### Assignment
The answer is to consist only of an exact retyping of the lines from the one containing "Στην Πιερία, μέχρι" to the end of the entries, without pictures.

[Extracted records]
● ● ● ●

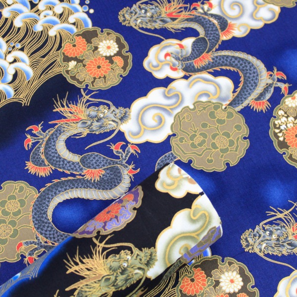 【10cm単位価格】 昇り龍 雲と荒波 雪輪文様 金ラメ 和柄 シーチング 綿100% 生地 布 約110cm幅 ゆうパケット2.5m対応
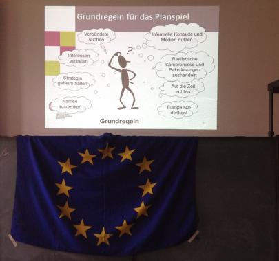 Die Schülerinnen und Schüler beschäftigten sich mit diesem ehrgeizigen Vorhaben in den Rollen von Mitgliedern des Europäischen Parlaments, des Rates der Europäischen Union sowie der Europäischen Kommission. Außerdem versetzten sich drei Schülerinnen in die Rolle der Presse. Sie führten seriöse Interviews, verfassten aber auch den ein oder anderen Klatsch-Artikel. Während der Verhandlungen und Beratungen zum Gesetzesentwurf wurde schnell klar, dass eine gemeinsame Lösung gar nicht so leicht zu finden war, schließlich waren die Interessen alles andere als einheitlich. Zahlreiche Reden wurden gehalten und in den Pausen ging es mit informellen Gesprächen weiter. Was am Ende allen bewusst war: Der Weg zum Gesetz, mit dem eine Mehrheit der Vertreter zufrieden ist, ist gar nicht so leicht und bedarf einiges an Diskussionen und viel Überzeugungsarbeit.
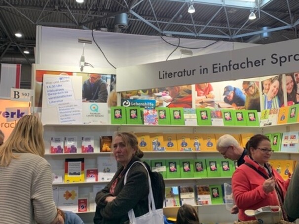 Mit der Diskussionsrunde waren wir zu Gast am Stand der Lebenshilfe Berlin, die eigene Bücher in einfacher Sprache veröffentlicht hat.
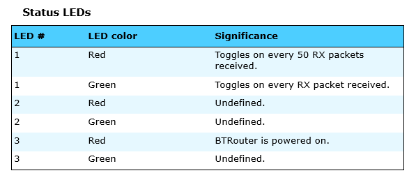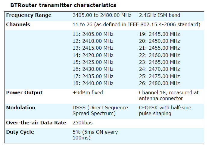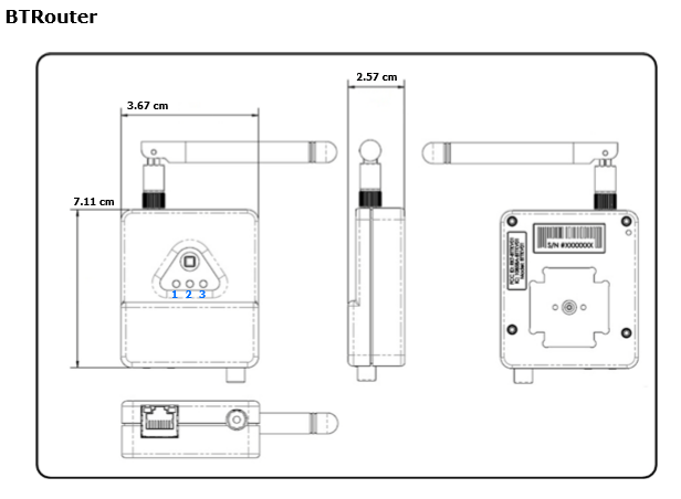 The BTRouter is a single wireless access point that uses a proprietary radio system running on 2.4 Ghz frequency to receive data from all BTBeacons. Data received includes BTBeacon button presses, battery status, configuration details as well as inertial measurement unit (IMU) data. IMU data can be used to calculate the BTBeacon’s orientation.
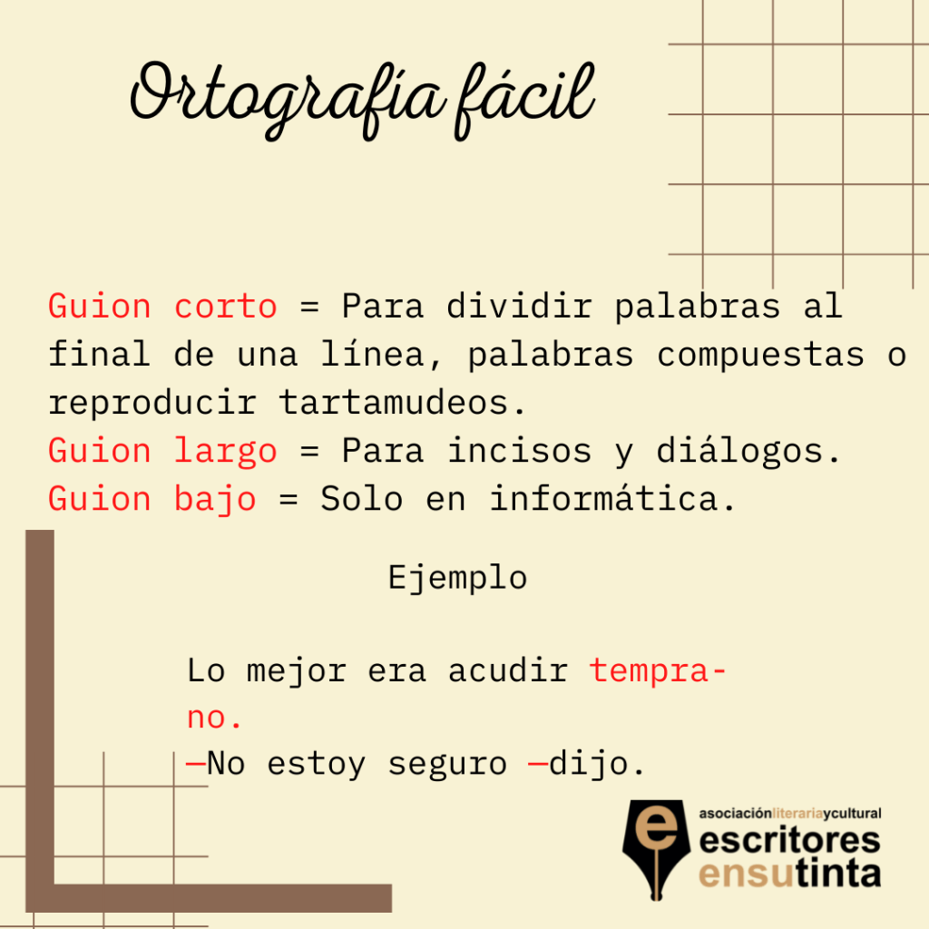 GUION CORTO: para dividir palabras al final de una línea, palabras compuestas o reproducir tartamudeos.
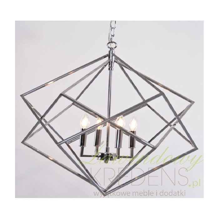 Żyrandol Belldeco w stylu galmour to geometryczny klosz z metalowych prętów do zawieszenia na łańcuchu. Całość w kolorze srebrnym odsłania cztery żarówki w kształcie eleganckich świec. Duży żyrandol doskonale dopełni nowoczesne wnętrze i odpowiednio je oświetli. Zawieś żyrandole w stylu glamour w centralnej części sufitu aby podkreślić design wnętrza.
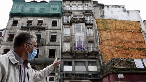 El bajo del inmueble acogió hasta hace tres años una conocida tienda de fotografía, pero los inquilinos se marcharon «y todavía deben dinero», asegura Juan Carlos Rial, que abre la puerta de acero que ha sido colocada provisionalmente. Antes de ponerla «hubo otro nuevo intento de okupación. Se metió dentro una persona, pero pudimos detectarlo con la policía y el individuo no tuvo más remedio que salir».
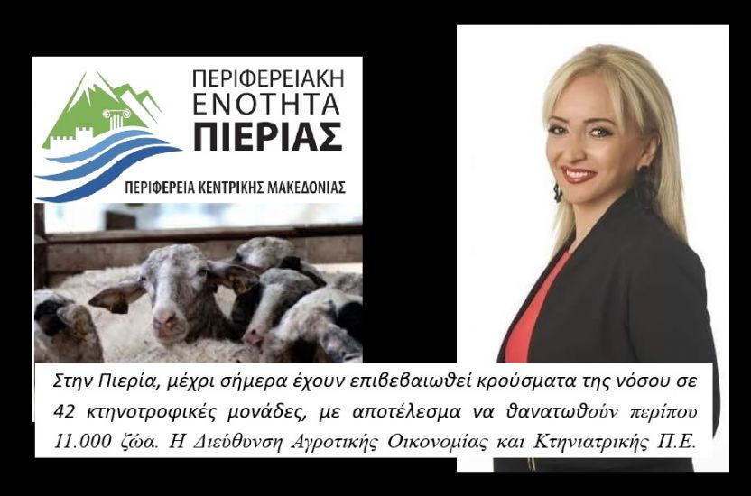 Στην Πιερία, μέχρι σήμερα έχουν επιβεβαιωθεί κρούσματα της νόσου σε 42 κτηνοτροφικές μονάδες, με αποτέλεσμα να θανατωθούν περίπου 11.000 ζώα. Η Διεύθυνση Αγροτικής Οικονομίας και Κτηνιατρικής Π.Ε. Πιερίας και το αρμόδιο Τμήμα Κτηνιατρικής σε απόλυτη συμμόρφωση με την Κοινοτική και Εθνική Νομοθεσία, εφαρμόζουν με αυστηρότητα όλα τα προβλεπόμενα μέτρα για τον περιορισμό και την εξάλειψη της νόσου και δεν είναι δυνατή οποιαδήποτε παρέκκλιση από το ισχύον νομικό πλαίσιο.
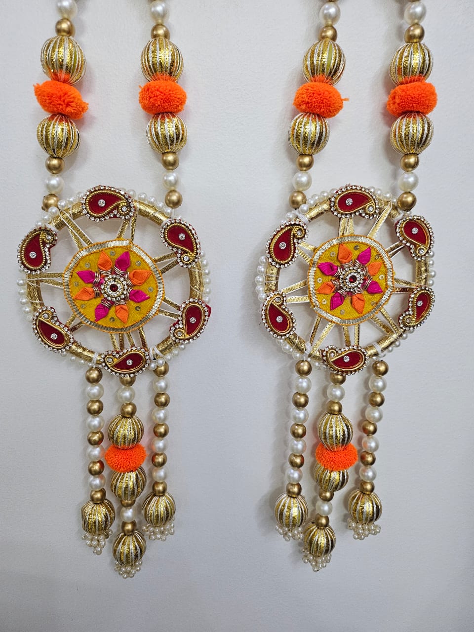 Bring festive vibes to your home with these vibrant orange and gold door hangings ✨🌼 Embellished with golden beads, pom-poms, pearls, and intricate center designs, they add a touch of traditional elegance and prosperity to your space. Perfect for Diwali, weddings, and home décor — handcrafted by Shringar Dil Se. 🪔💛- Product Code: SD-HDH-027

● ● ● ●

### Response to this exercise
 Στην Πιερία, μέχρι σήμερα έχουν επιβεβαιωθεί κρούσματα της νόσου σε 42 κτηνοτροφικές μονάδες, με αποτέλεσμα να θανατωθούν περίπου 11.000 ζώα. Η Διεύθυνση Αγροτικής Οικονομίας και Κτηνιατρικής Π.Ε. Πιερίας και το αρμόδιο Τμήμα Κτηνιατρικής σε απόλυτη συμμόρφωση με την Κοινοτική και Εθνική Νομοθεσία, εφαρμόζουν με αυστηρότητα όλα τα προβλεπόμενα μέτρα για τον περιορισμό και την εξάλειψη της νόσου και δεν είναι δυνατή οποιαδήποτε παρέκκλιση από το ισχύον νομικό πλαίσιο.
 Bring festive vibes to your home with these vibrant orange and gold door hangings ✨🌼 Embellished with golden beads, pom-poms, pearls, and intricate center designs, they add a touch of traditional elegance and prosperity to your space. Perfect for Diwali, weddings, and home décor — handcrafted by Shringar Dil Se. 🪔💛- Product Code: SD-HDH-027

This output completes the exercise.